**RECORDS SUPPLIED:**
......

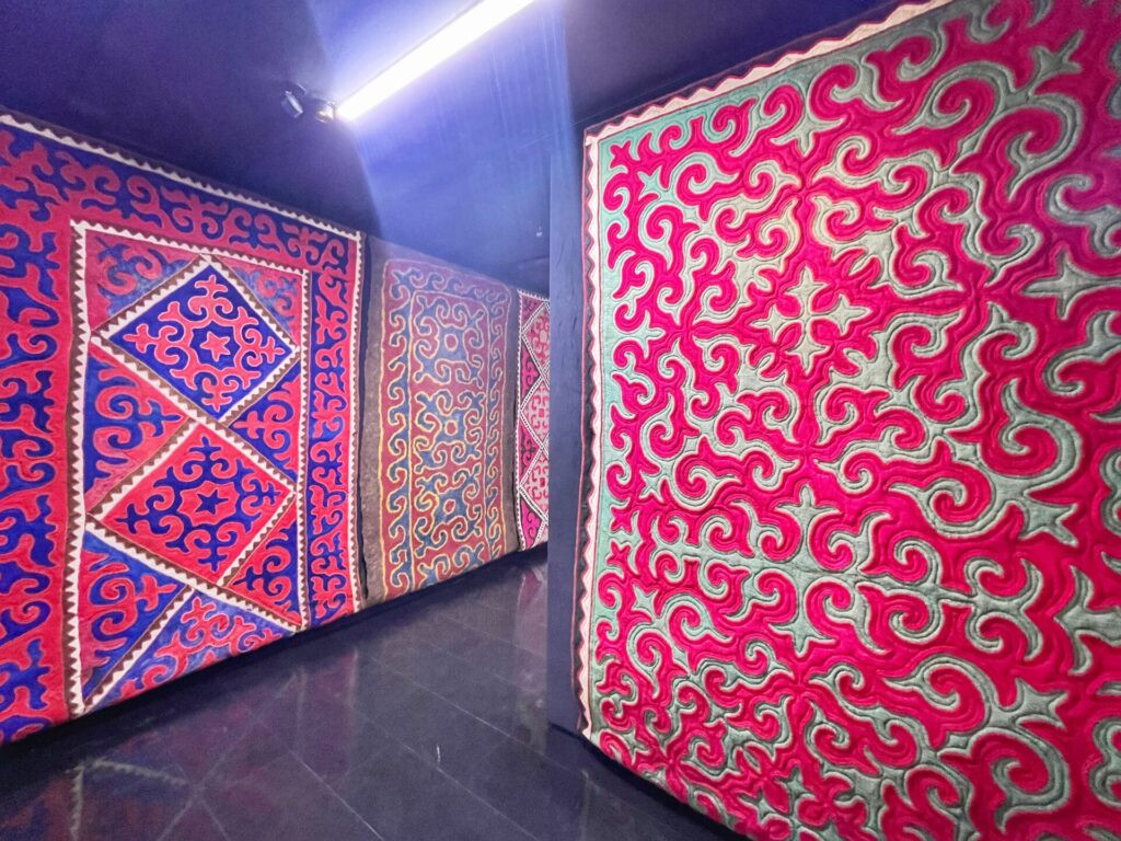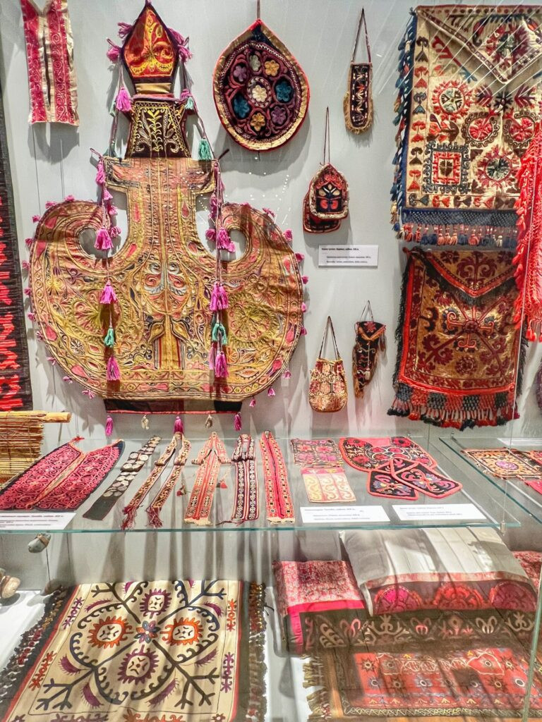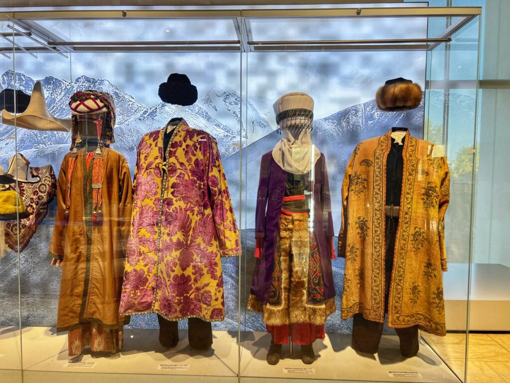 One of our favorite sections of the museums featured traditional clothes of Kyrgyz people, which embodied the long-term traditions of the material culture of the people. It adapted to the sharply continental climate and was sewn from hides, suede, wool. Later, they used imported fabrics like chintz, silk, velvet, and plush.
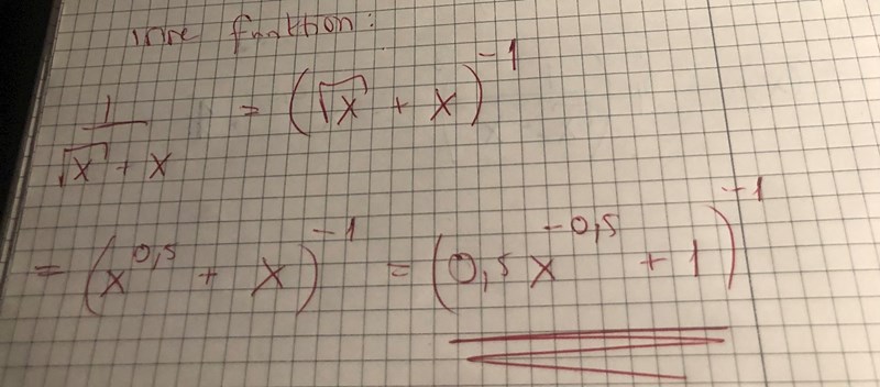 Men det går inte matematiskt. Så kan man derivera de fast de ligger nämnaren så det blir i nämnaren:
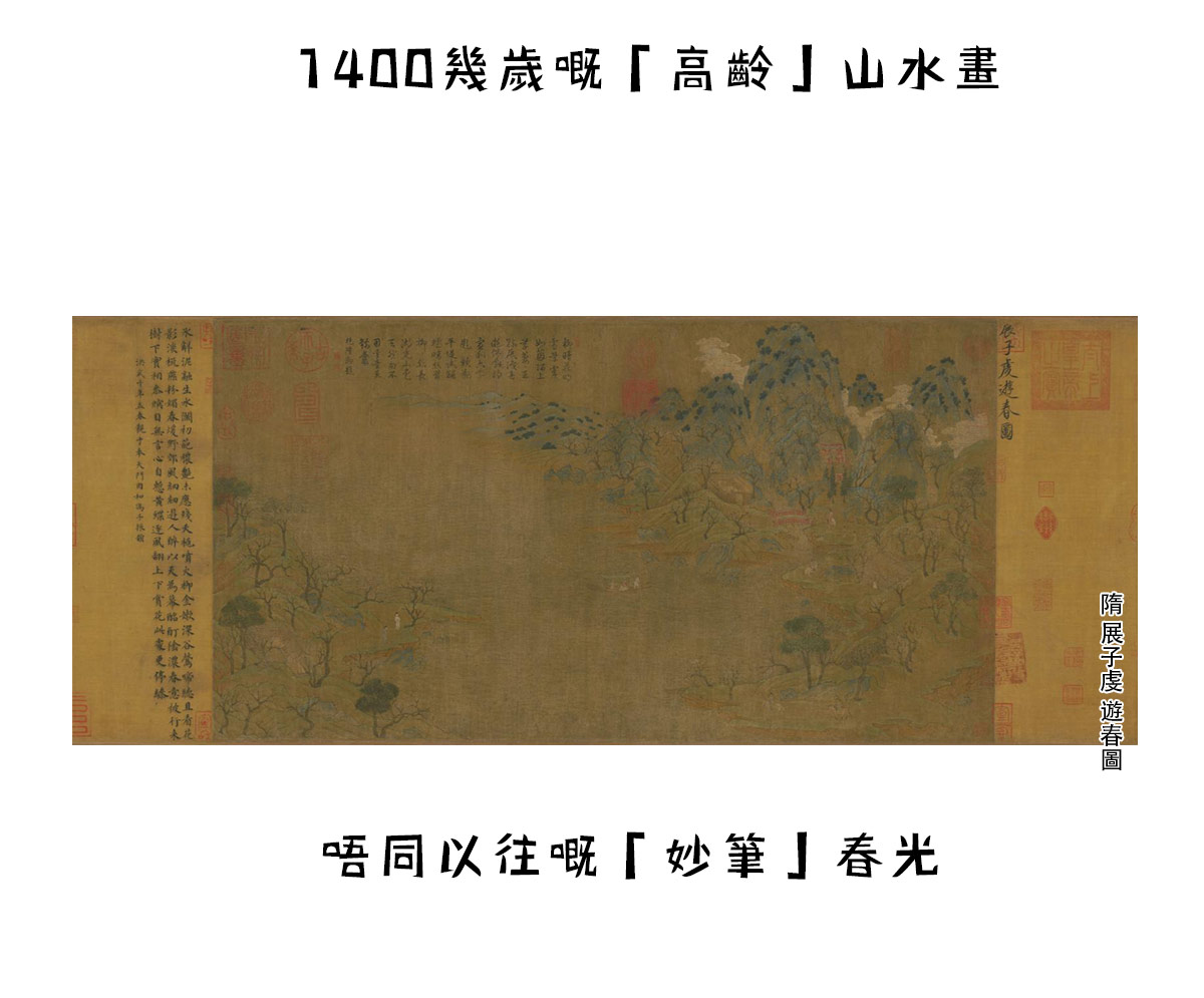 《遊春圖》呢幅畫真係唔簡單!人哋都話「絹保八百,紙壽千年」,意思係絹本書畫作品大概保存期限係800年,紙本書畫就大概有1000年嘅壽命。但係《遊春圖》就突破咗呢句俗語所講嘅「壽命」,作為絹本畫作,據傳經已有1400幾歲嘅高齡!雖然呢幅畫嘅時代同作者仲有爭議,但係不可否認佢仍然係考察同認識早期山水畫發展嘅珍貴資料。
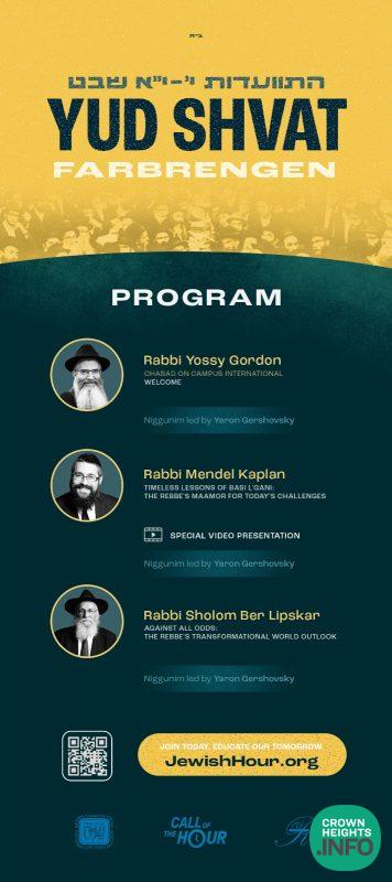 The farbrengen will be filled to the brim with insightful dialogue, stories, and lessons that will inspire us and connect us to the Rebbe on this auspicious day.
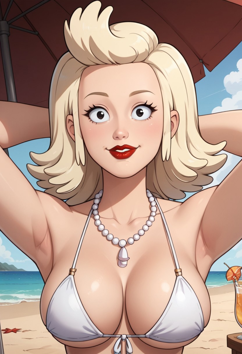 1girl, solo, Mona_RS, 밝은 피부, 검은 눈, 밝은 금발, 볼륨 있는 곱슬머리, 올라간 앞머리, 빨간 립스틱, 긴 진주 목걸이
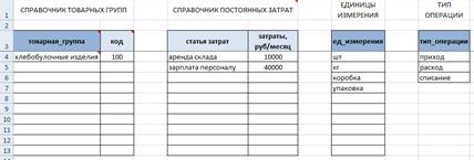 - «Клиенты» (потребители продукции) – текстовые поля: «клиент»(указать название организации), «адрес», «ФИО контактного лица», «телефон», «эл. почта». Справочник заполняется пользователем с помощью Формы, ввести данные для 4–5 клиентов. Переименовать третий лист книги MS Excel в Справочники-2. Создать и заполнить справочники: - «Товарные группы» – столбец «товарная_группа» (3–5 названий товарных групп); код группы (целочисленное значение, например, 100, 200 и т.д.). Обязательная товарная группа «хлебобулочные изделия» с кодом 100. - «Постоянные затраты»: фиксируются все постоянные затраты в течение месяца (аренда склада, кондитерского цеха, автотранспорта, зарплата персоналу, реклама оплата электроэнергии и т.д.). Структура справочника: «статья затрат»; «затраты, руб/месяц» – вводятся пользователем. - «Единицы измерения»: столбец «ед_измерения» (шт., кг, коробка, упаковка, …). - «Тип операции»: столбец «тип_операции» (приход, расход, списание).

......

**ASSIGNMENT:** Pictures should not appear; only the lines from the start of the listing above to the line containing "Men det går", both ends included, are to be repeated exactly.

**RESPONSE FOR THIS EXERCISE:**
 One of our favorite sections of the museums featured traditional clothes of Kyrgyz people, which embodied the long-term traditions of the material culture of the people. It adapted to the sharply continental climate and was sewn from hides, suede, wool. Later, they used imported fabrics like chintz, silk, velvet, and plush.
 Men det går inte matematiskt. Så kan man derivera de fast de ligger nämnaren så det blir i nämnaren:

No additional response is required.